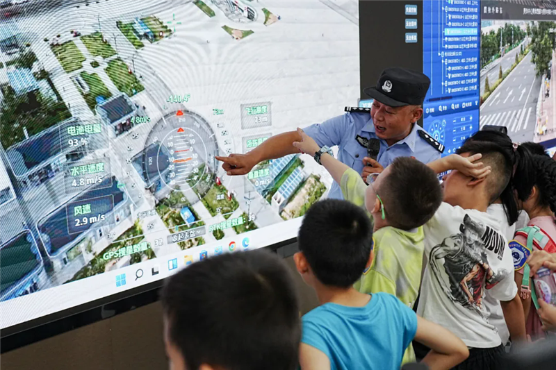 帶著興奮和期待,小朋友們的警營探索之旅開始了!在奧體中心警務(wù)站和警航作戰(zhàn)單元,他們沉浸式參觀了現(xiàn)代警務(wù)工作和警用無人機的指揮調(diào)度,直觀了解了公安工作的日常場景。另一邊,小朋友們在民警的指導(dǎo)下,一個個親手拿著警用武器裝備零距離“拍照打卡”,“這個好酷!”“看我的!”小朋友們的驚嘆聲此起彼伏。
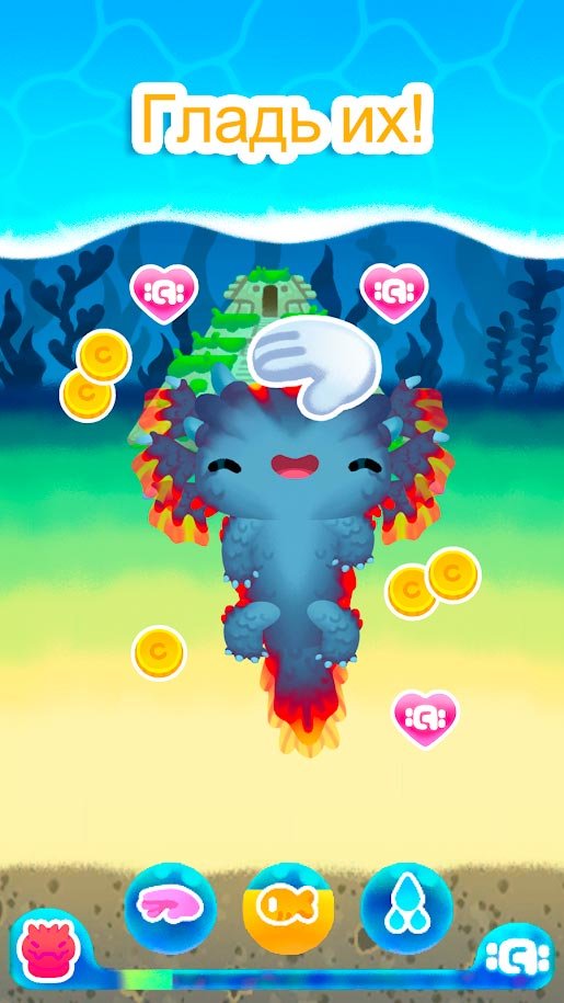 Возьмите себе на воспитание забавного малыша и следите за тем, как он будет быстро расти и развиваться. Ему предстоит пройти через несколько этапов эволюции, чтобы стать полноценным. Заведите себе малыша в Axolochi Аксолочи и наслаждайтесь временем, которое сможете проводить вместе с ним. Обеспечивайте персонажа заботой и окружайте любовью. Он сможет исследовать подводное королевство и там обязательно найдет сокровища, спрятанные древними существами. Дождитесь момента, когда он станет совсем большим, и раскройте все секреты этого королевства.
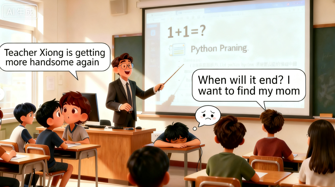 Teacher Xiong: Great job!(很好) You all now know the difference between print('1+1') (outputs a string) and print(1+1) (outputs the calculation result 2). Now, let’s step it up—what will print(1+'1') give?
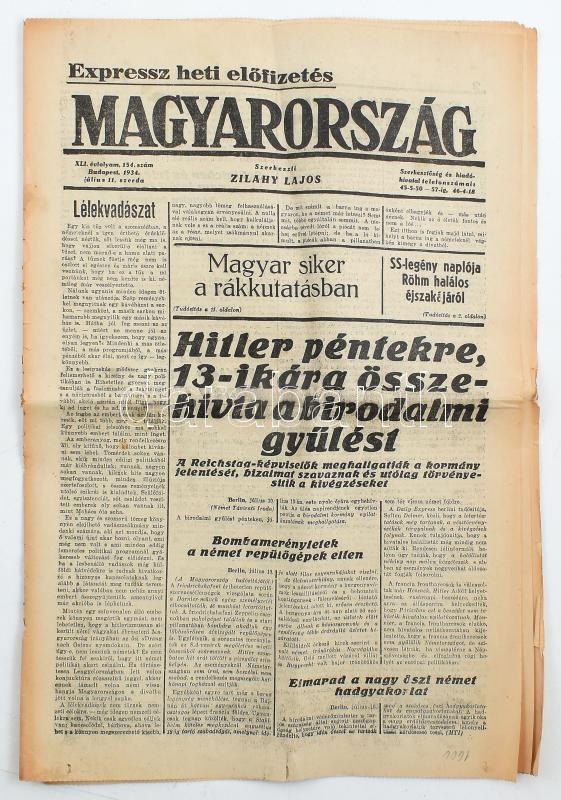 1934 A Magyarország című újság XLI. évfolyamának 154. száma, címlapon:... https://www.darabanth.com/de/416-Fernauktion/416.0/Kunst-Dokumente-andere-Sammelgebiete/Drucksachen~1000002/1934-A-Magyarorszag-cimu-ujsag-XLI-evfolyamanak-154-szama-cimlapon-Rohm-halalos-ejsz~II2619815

==

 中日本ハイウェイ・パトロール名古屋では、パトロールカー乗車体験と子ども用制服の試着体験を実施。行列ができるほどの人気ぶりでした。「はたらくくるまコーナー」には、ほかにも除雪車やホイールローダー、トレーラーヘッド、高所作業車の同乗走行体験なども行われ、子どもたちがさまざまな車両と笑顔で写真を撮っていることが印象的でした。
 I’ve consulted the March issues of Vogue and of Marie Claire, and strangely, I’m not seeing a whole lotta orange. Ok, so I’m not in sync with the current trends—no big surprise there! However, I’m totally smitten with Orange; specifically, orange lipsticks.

◆ **EXERCISE REQUIREMENTS**
Reproduce the lines above beginning at the line that contains "Возьмите себе на" and ending at the line that contains "Teacher Xiong: Great". No pictures.

◆ **RESPONSE TO THIS EXERCISE**
 Возьмите себе на воспитание забавного малыша и следите за тем, как он будет быстро расти и развиваться. Ему предстоит пройти через несколько этапов эволюции, чтобы стать полноценным. Заведите себе малыша в Axolochi Аксолочи и наслаждайтесь временем, которое сможете проводить вместе с ним. Обеспечивайте персонажа заботой и окружайте любовью. Он сможет исследовать подводное королевство и там обязательно найдет сокровища, спрятанные древними существами. Дождитесь момента, когда он станет совсем большим, и раскройте все секреты этого королевства.
 Teacher Xiong: Great job!(很好) You all now know the difference between print('1+1') (outputs a string) and print(1+1) (outputs the calculation result 2). Now, let’s step it up—what will print(1+'1') give?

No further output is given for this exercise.